I read a previous post regarding the error 'Could not generate DH keypair' fired when the server sents a key longer than 1024 bits. Downloading the JCE unlimited jars should fix this issue. In the test environment I have I encountered the following, for the same web server if I use Java 6 I don't get any errors when performing the https query but if I use Java 7 then I get 'Could not generate DH keypair'.
I tried replacing the jar files for JCE unlimited but still get the same error. The bug is reported since 2007, but why does it run for Java 6 and not for Java 7? Are the files to download not the proper ones? I got the link from a previous post Java: Why does SSL handshake give 'Could not generate DH keypair' exception?.
At this point I don't know what to do. If I try to load the BouncyCastle provider I get an ArrayOutOfIndex exception.

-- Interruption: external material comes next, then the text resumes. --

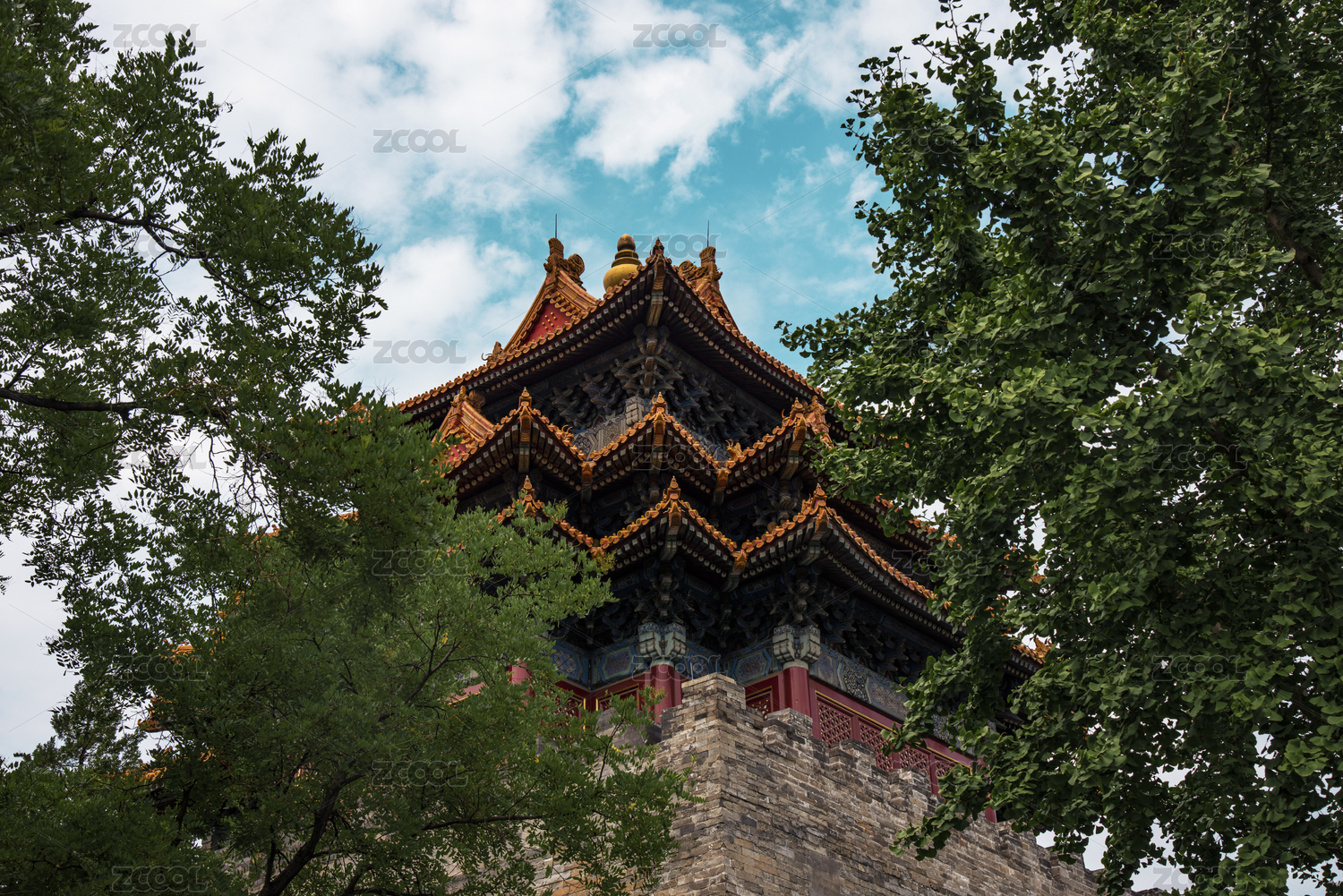 中国北京颐和园皇家古建一角——琉璃瓦瑞兽斗拱彩绘描金

My server only allows DH algorithm so I can't use another algorithm like suggested in the above post.
Some additions or clarifications:
(Suncle) Java 7 since 7u09 uses a more sensible consistent order of ciphersuites by default, unlike the seemingly random order in 7u04. (I don't have tests between 04 and 09.) This order puts ECDHE and plain-RSA (aka akRSA) before DHE, and thus avoids the problem if AND ONLY IF the server supports ECDHE or RSA and agrees to client preference. (Or ECDH-fixed, but practically nobody uses that.) If the server insists on DHE (for whatever reason) AND uses DH>1024 bits, you still have the problem.
If the asker (or anyone else) connects to a server that truly requires integer-DH (and not ECDH or RSA), the only way to work with Java before 8 is to get the server to use DH 1024-bit. Which AFAWK is technically secure for a few more years, but with a thin margin it is prohibited by important authorities like NIST (see Special Pub 800-57 at csrc.nist.gov). (Even RSA 1024 isn't actually broken yet, but it probably will be soon and so is prohibited.)
The "unlimited strength policy" is not relevant to this problem, or at least not directly, and the good answers to #6851461 did not say it is. It does not change the restriction on DH parameters in SunJCE, which is (wrongly) treated as a standard issue not a strength issue. (Specifically it takes the restrictions that used to be correct for DSA, and applies them to DH.) It does enable AES-256 and SHA-2 (only for TLSv1.2) suites, and given a sufficiently strange preference list, that might change the selection result from DHE (fails) to non-DHE (works).
You don't need to go entirely back to the Java 6 list, you just need to prioritize other key exchanges over DHE, or for a recalcitrant server drop DHE entirely. You definitely should NOT go back to enabling any EXPORT or single-DES suites, unless absolutely needed for a legacy server; they have been NOT SECURE for several years now, and remained enabled by default in 6 far longer than they should have.
I stumbled on the same issue with SSLScokets and I think I identified the reason for this regression with Java 7. The reason comes to the ciphers negotiated between the client and the server.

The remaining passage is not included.